Although no battle per se happened at this place, Guinea Station is an important location in the history of the Army of Northern Virginia. As a railroad station it served as a Confederate supply depot. Late in 1862 Confederate troops camped there. There was one incident here though was was of great importance to history. During the Battle of Chancellorsville, General Stonewall Jackson was wounded by friendly fire the evening of May 2nd, resulting in amputation of his left arm. General Lee ordered him transferred by ambulance the twenty-seven miles to Fairfield Plantation at Guinea Station, a journey that took twelve hours. After initially improving General Jackson succumbed to pneumonia and died with his wife at his side on May 10, 1873 shortly after seeing his six month old daughter Julia for only the second time. The Confederacy was dealt a “staggering blow” and General Lee, in his own words, lost his “right arm.” The building in which Jackson died has been preserved as a shrine through the years. Now the only building from the 1860s remaining on the property once owned by Thomas Coleman Chandler is the one in which the Jackson died.
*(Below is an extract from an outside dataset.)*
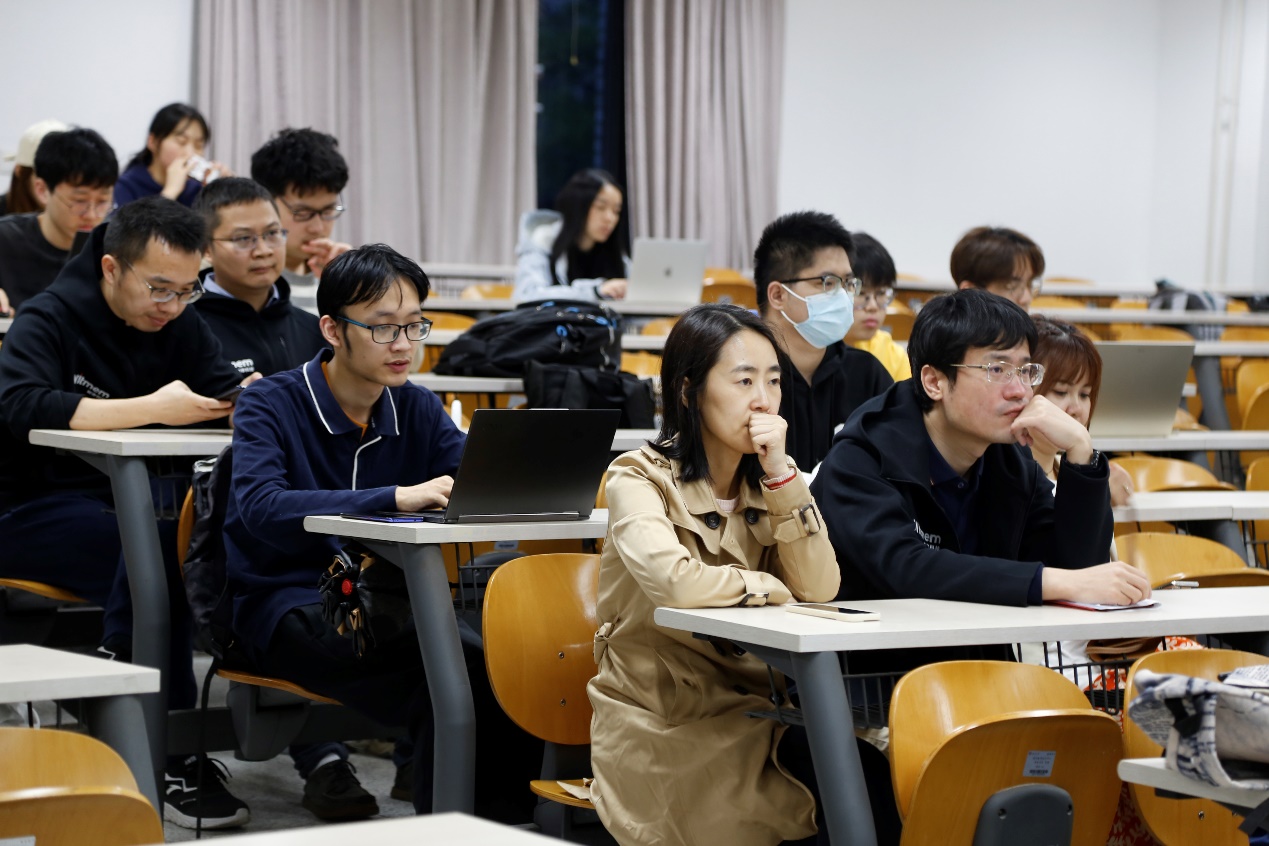 在提问交流环节,到场师生就存算一体芯片的优势、挑战、技术细节,以及知存科技良好发展的经验等问题与王绍迪先生进行了交流。王绍迪先生耐心地解答了大家的问题。

Administered NPS, it is furnished with the same bed and blanket that Jackson used. We visited and had the opportunity to ponder on some of the great personal tragedies that lie beneath the military maneuvering and the politics of war.
Imperial War Museum
London’s Imperial War Museum in Southwark founded even as the First World War raged offers insights into the myriad costs of the wars of the 20th and 21st Centuries. It was a most disquieting but valuable reminder of the myriad costs of war.